As of popular request I have uploaded the seminar recordings from our group tutorials in theology but as I was thinking about it I realised that if I am to post them on here I need permission from everyone in the group...as these could be picked up from anyone...so I thought if you want to have them if you email me at griffin_laura@hotmail.co.uk and let me know your prefered format (windows media player or itunes) i'll email you the upload links. Just because I dont want to offend anyone by putting them online and also...we wouldnt want any of those theology students finding out how smart all us youth workers are now would we!

So let me know!

Also NEWEST THEOLOGY LECTURE UPLOADED in the theology lectures post!

Thursday, November 02, 2006

Two really cool things in one REALLY cold evening!

Just for dramatic effect I'm going to use blue text...It really was soo cold tonight!

Sorry for the epic post but I wanted to write this stuff down even if you don't read it all!


Well I suppose I could really tell you about the things I did tonight. As it is Thursday I went to chapel (which is like a different church service every week), this week it was 'High Mass', which to me being used to 'Mass' in the Roman Catholic sense I was expecting something very 'High' and I was quite nervous about going but when I got there everything was all familiar to me... Men in robes.... Strange smelly smoke coming out of a metal swinging thing....Lots of stand up sit down stuff....(some people might think I'm being irreverent here. I'm not, this kind of church is what I've been brought up in, I love it!) I felt so at home to be able to say the prayers without struggling around the funny unfamiliar wording (sorry Anglicans!) and to just know and really understand the meaning of what I was saying...It was so good! Hmm...... After all that running away from my church background I finally find some solace in familiarity...God's a strange one! :-)

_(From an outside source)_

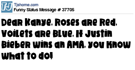 X Dear Kanye, Roses are Red, Voilets are Blue, If Justin Bieber wins an AMA, you know what to do!
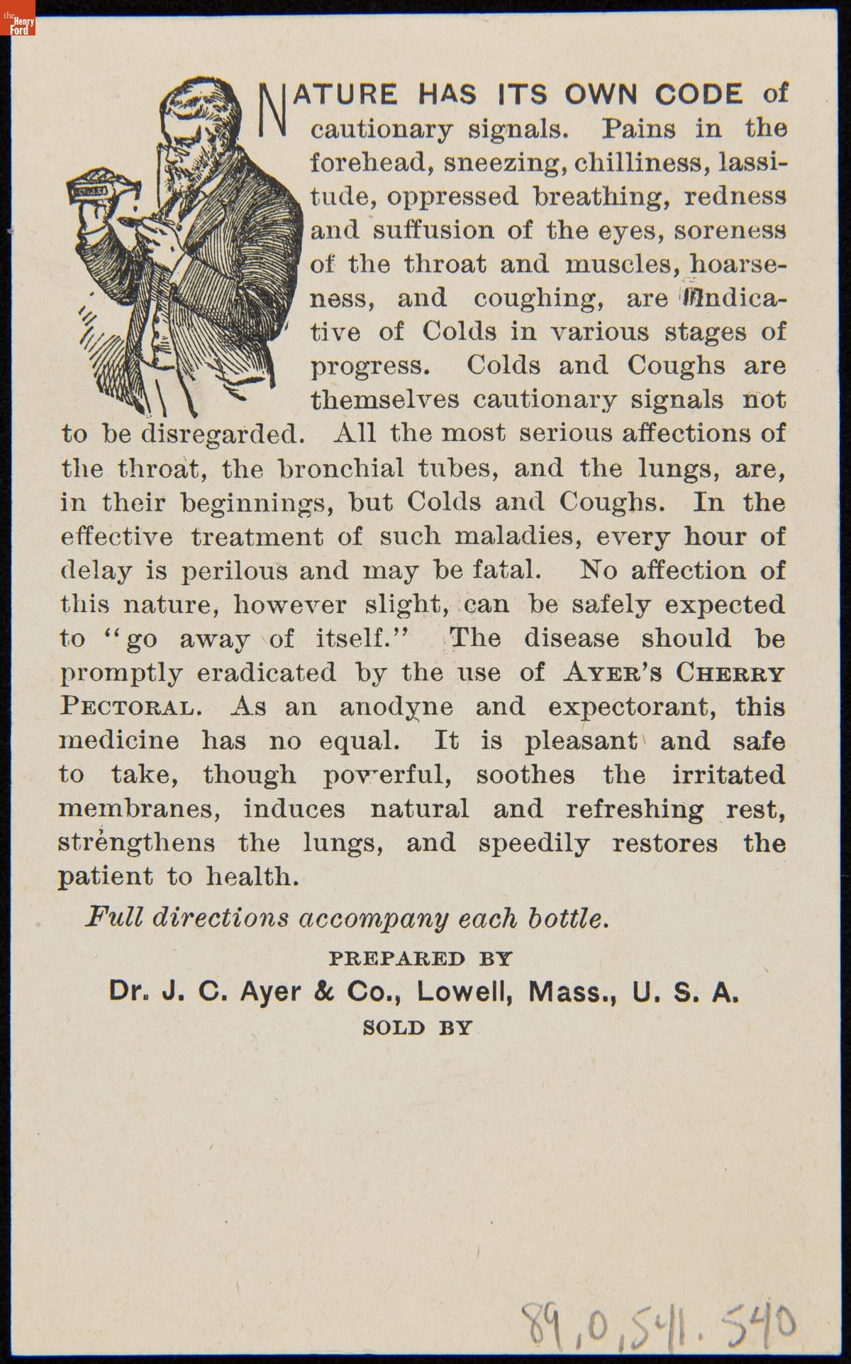 James C. Ayer (1818-1878), a purveyor of patent medicines in the 19th century, claimed his treatments could cure colds, coughs, and other ailments, purify the blood, and invigorate the hair. Ayer--and later his company--successfully marketed his products by printing thousands of trade cards, almanacs, and newspaper and magazine ads. Ayer's company continued production well into the 20th century.

After chapel I practically ran over to Hoole Baptist Church (slight change of denomination-those from home will understand what I'm like!). I've volunteered to help out with a youth group called DBiz run by the Light Project in Chester. But you see the thing was that I didn't exactly know how to get there and it was dark and it was cold and every so slightly scary.....So....While I was in chapel I prayed that I would find the church, not freeze, be scared of the dark, drunk people or crazy old men (worried now mum??)....And God totally did that for me, it was fine, I got there safe and it didn't take me long to defrost. It was an incredible night, first they have a 'brief' thing where they pray before the youth arrive, then the actual group, then the tidy up/round up/debrief thing where there is more prayer. This way of doing youth work isn't a new concept to me of course but I just found it so encouraging that people could do that as part of the normal youth night...Since back home we'd be lucky if we could say hi to the team before they were going home again....Never mind praying for each other. It was so good to be back in a setting with young people again, I've missed their bad language...Attitude...Arrogance and disregard for rules! And is was amazing to be in such a God centered place. Even though I don't think I had one conversation about God all night....He was there...Big time...Covering the place.....In the smiles of the kids.....The patience of the leaders.....Just everywhere!

Tonight has reminded me of why I want to do what I do.....Because of God's love....For those young people and for me too (since I'll always be His little Teenager!)